Chrysops sp. (over 75 species in North America)

Tabanidae family

½ inch long, a common species, C. discalis, has pale yellow and black markings with darkish patches

Illustration © Todd Telander

Illustration © Todd Telander

A notorious biter, and a relatively slow flier, deer flies are an ironically easy pest to swat. Of course, your satisfying kill occurs because the fly, always a female, has taken a nice nip out of you. She does so not by puncturing your skin as a mosquito does but by using her scissorlike mouthparts to cut into you, which facilitates her sucking up the flowing blood. Males cannot bite; they feed on nectar.

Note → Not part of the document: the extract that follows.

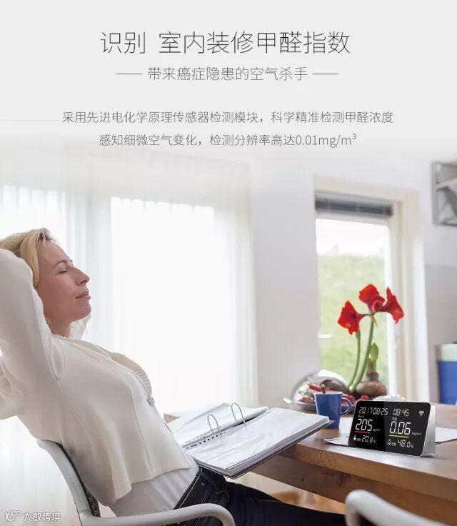 斐讯空气检测仪,精准检测你家的空气,识别室内甲醛指数、PM2.5细小颗粒污染、温湿度显示!
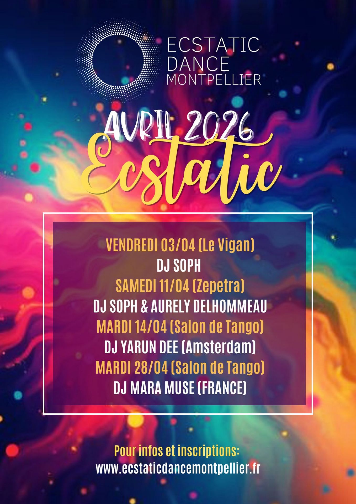 Je suis très heureuse d'offrir ces sessions régulières d'Ecstatic Dance à Montpellier

Deer flies are about the size of a house fly. After overwintering in wet soil near ponds and streams as larvae, adults emerge in spring and fly through the summer. They are visual bugs, attracted to dark, moving objects, and to carbon dioxide. Warm, low-wind, sunny days are when they are most active, primarily attacking the head, neck, and shoulders. If the situation is dire, some people have turned to various patches and traps, many of which are bright blue and coated in sticky material that prevents flies from escaping.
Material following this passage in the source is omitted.